It’s rare that I would write a post based on two, back-to-back posts of another blogger. And, I’m not one to laud the big agencies or the guys at the top of the PR pile.
But, Richard Edelman has had two interesting (for me, at least) posts in the last week that I would recommend as reading for anyone interested in PR and social media and the impact of new technologies on the news business and the work of media relations specialists.
The Old Lions Roar is Edelman eavesdropping on the PRWeek panel in Chicago last week featuring the founders of public relations as we have known it in the past half century or so: Dan Edelman, Harold Burson, David Finn and Al Golin. Apart from their work ethic and longevity, what surprised me was their common background prior to PR in the military and in the news business.
Tectonic Plates Shifting is a summary of Edelman’s notetaking from the second annual New Media Academic Summit hosted by Edelman and PRWeek in Chicago.
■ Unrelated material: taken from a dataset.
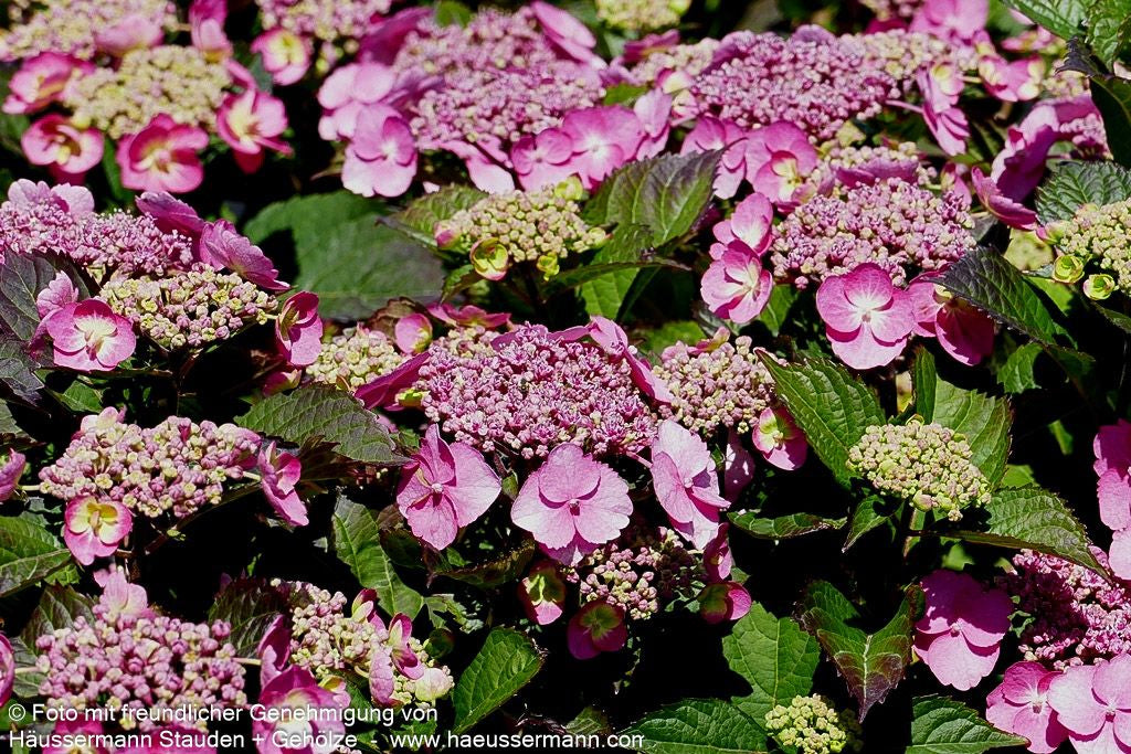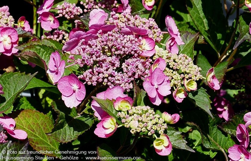 Kleinwüchsige Teller-Hortensie 'Cotton Candy' (Hydrangea serrata)

I found particularly interesting the comments that newspapers continue to segregate digital and print content (despite so many signs that vanguard newsrooms have already “gotten it” in the U.S. and Europe, particularly); as well as the recognition that the top-down model of communications is clearly being/has now been replaced by what is being called the “open dialogue” model.
You may or may not like Edelman’s 6 a.m. blog, but I found both of these pieces informative and a real contribution to the ongoing debate about what PR and the news media have been and are becoming in the era of Web 2.0.